In my experience, the plays performed under his direction are intelligent, surprising, entertaining and moving. But others seem to disagree. There is some vague idea abroad - started I think by Stevie Smith, who wrote a mean little short story about Miller as a child (a spoilt child, as she saw it, or a, heavens forbid, precocious child; too often a "precocious" child is really a child who has not been thoroughly and effectively squashed) - that he is egotistic, whereas, at least as a director, he is the least egotistic person alive. His approach to plays is to read the script closely and try to animate it, without the use of gimmicks.

Meanwhile, the likes of Rupert Goold are feted. They are good at hysteria and pyrotechnics. They are good at the kind of productions Hermann Koch describes so well in his rather horrid novel Summer House with Swimming Pool:

"It was the first time I'd been invited to a Shakespeare production. I'd already seen about ten of his plays. A version of The Taming of the Shrew in which all the male roles were played by women; the Merchant of Venice with the actors in nappies and the actresses wearing rubbish bags for dresses and shopping bags on their heads; Hamlet with an all-Down's-Syndrome cast, wind machines and a (dead) goose that was decapitated on stage, King Lear with Zimbabwean orphans and ex-junkies; Romeo and Juliet in the never-completed tunnel of a subway line, with concentration camp photos projected on the walls, down which sewage trickled; Macbeth in which all the female roles were played by naked men - the only clothing they wore was a thong between their buttocks, with handcuffs and weights hanging form their nipples, performing against a soundtrack consisting of artillery barrages, Radiohead songs and poems by Radovan Karadzic. Besides the fact that you didn't dare to look at how the handcuffs and weights were attached to (or through) the nipples, the problem once again was a matter of how slowly the time passed. I can remember delays at airports that must have lasted half a day, easily, but which were over ten times as quickly as any of those plays."
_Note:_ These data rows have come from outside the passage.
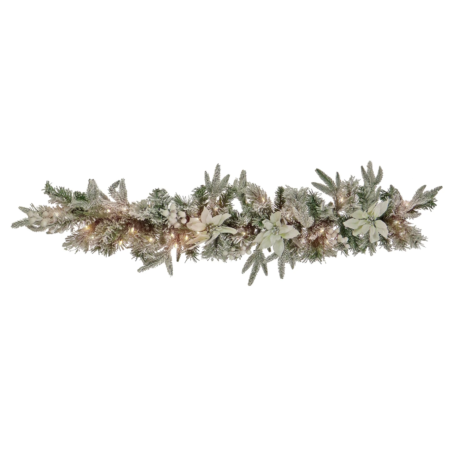 This Christmas garland features a blend of vibrant green branch tips giving a full bodied appearance and is decorated with white berry clusters, magnolia flower blooms and a light artificial frosting along a Colonial base. Pre strung with 50 battery oper
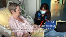 La chienne Laponie rend visite aux patients de l'unite de soins palliatifs de la clinique Saint-Laurent, à Rennes
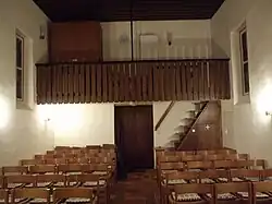 Der flachgedeckte Westteil wird von einer dunklen Holzdecke abgeschlossen. Zwei Reihen mit je vier Holzstühlen lassen einen Mittelgang frei. Die schmale, hölzerne Westempore mit Holzlamellen dient als Aufstellungsort der kleinen Orgel.
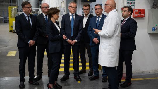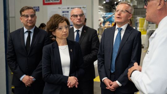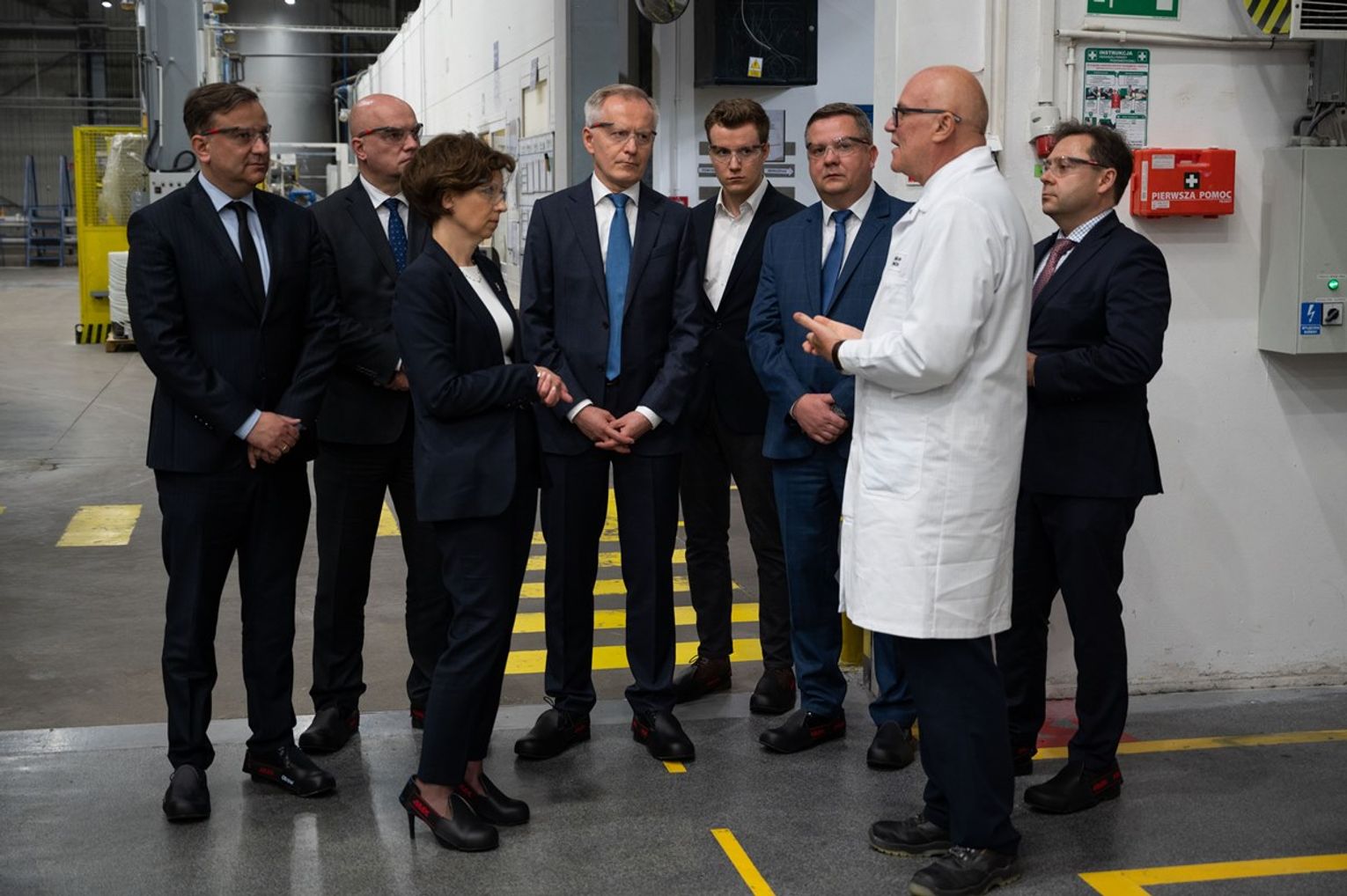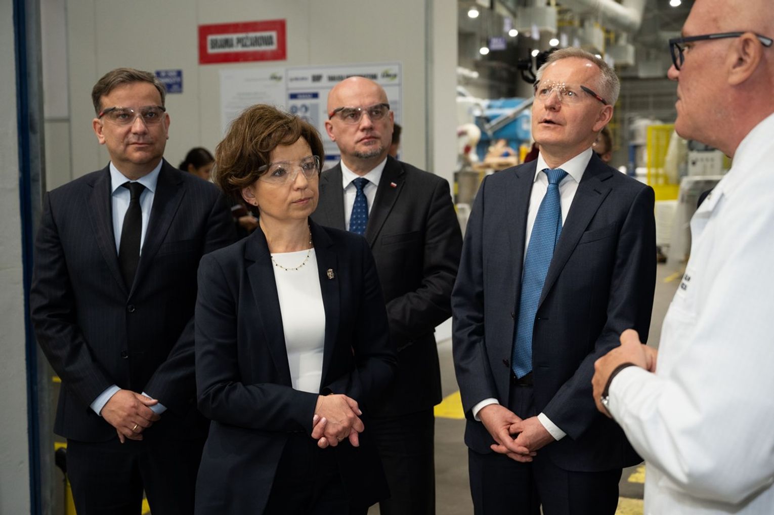 Podczas wizyty na terenie zakładu Libra Minister Marlenie Maląg towarzyszyli: poseł Marcin Gwóźdź oraz Wicewojewoda Dolnośląski Jarosław Kresa.
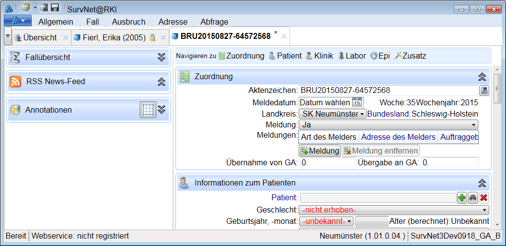 Aus den Angaben für das Meldedatum von Fällen werden die Meldewoche und das Wochenjahr berechnet und im Formular hinter dem Feld Meldedatum angezeigt.
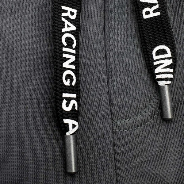 The Series 2 sweatpants for women in anthracite are made of high-quality cotton with added polyester. In addition to two pockets on the front, there is another pocket on the back, which is printed in white with the Driver logo, which is a combination of Mick’s profile and his Formula 1 start number. In addition, there is the quote “Racing is a state of mind” on the drawstring of the waistband. The design is rounded off by internal zips on the trouser legs.
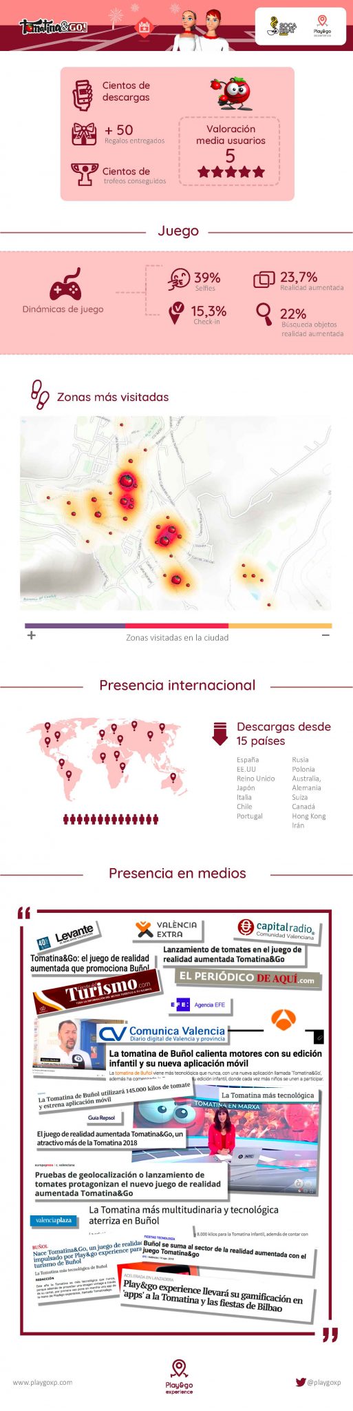 Para compartir nuestra experiencia y basarnos en hechos, queremos utilizar el ejemplo de la última app que hemos publicado, Tomatina&go, elaborada junto a Socarrat Studio y apoyada por el Ayuntamiento de Buñol, como una herramienta tecnológica para promocionar la Tomatina de Buñol 2018, mejorando la experiencia de los usuarios a través de la gamificación, la geolocalización y la realidad aumentada.
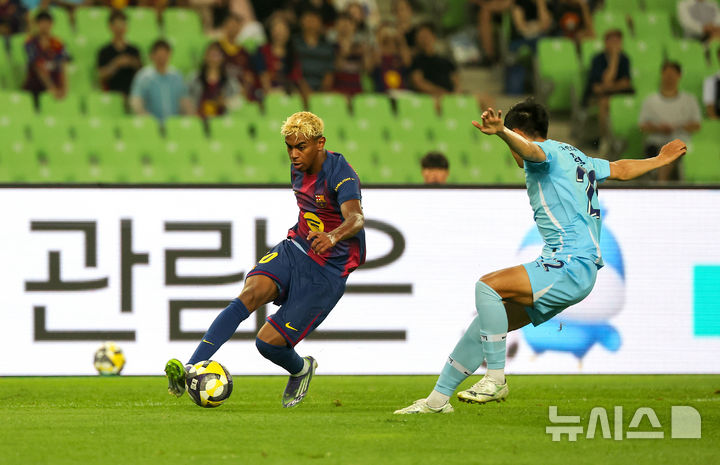 [대구=뉴시스] 이무열 기자 = 4일 대구 수성구 대구스타디움 경기장에서 열린 ‘FC바르셀로나 2025 아시아투어 에디션’ FC바르셀로나와 대구FC의 경기. FC바르셀로나 라민 야말이 돌파하고 있다. 2025.08.04. [email protected]
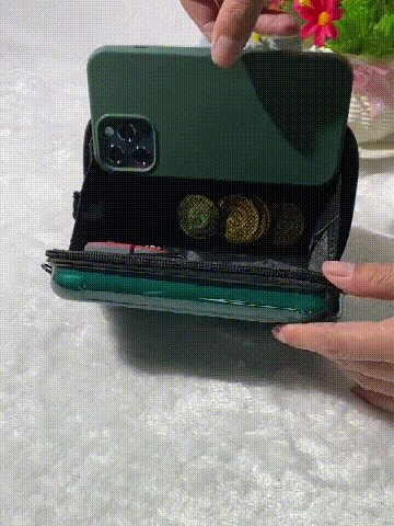 Εξοπλισμένο με αποσπώμενο λουρί καρπού και ρυθμιζόμενο ιμάντα ώμου, μπορεί να φορεθεί ως χιαστί τσάντα ή τσάντα χειρός.
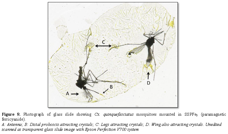 All magnified areas shown above (Figures 6-8) show the typical pattern created by the presence of bio magnetic forces attracting the paramagnetic potassium ferricyanide crystals that are no longer in solution. Adult mosquitoes of different sexes are depicted in Figure 9. Notice the difference in crystals accretion intensity in the adult insect as compared with the rapidly growing larvae stages. In the adult mosquito the proboscis shows bio magnetic activity (B in Figure 9).
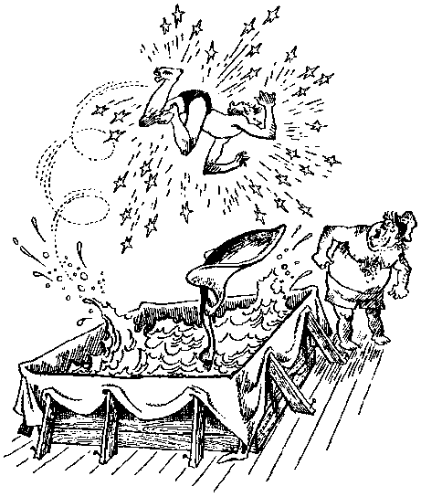 Верный, даже не обидевшись, с лаем бросился на него снова, но было поздно. Пионерчиков ласточкой прыгнул в бассейн. Вслед за этим раздался страшный треск, посыпались искры. Юный штурман, вылетев обратно, сделал в воздухе тройное сальто и плашмя шлёпнулся на палубу.
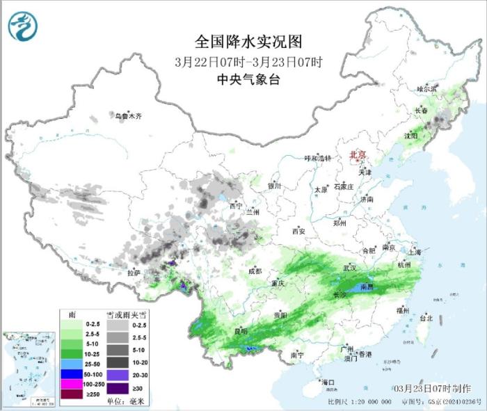 据中央气象台网站消息,昨日,青海北部、甘肃中部和南部、川西高原北部、西藏中东部、吉林东部等地出现小到中雪或雨夹雪,江西中部、湖南东北部、贵州南部、广西北部、云南西部和南部等地出现中到大雨,云南南部等局地暴雨。
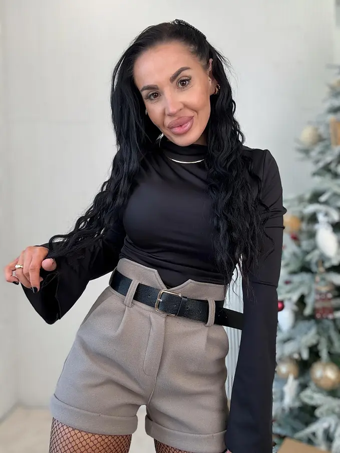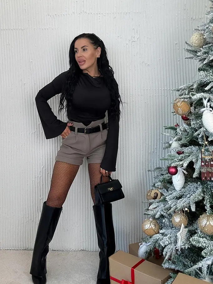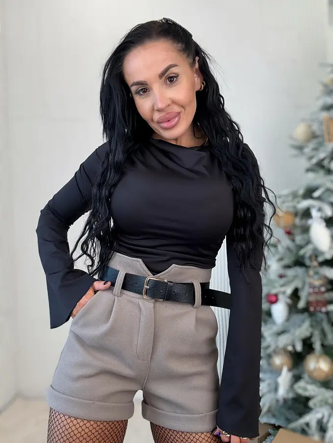 Ženské šortky s opaskom. Látka je mierne elastická, príjemná a teplá.

Miller meanwhile understands that a director is not a primary creative artist but an interpreter. He studies the text, he works with the actors, together they read the playwright's words closely. Thus they are able to bring life to a script, while remaining faithful to it. This is integrity in theatre. There is too little of it on the stage these days.

Anyway, I went to see Miller's production of King Lear, performed by the Northern Broadsides company. It is touring Britain. If you get a chance, go and see it - tour dates here. It is really, really good.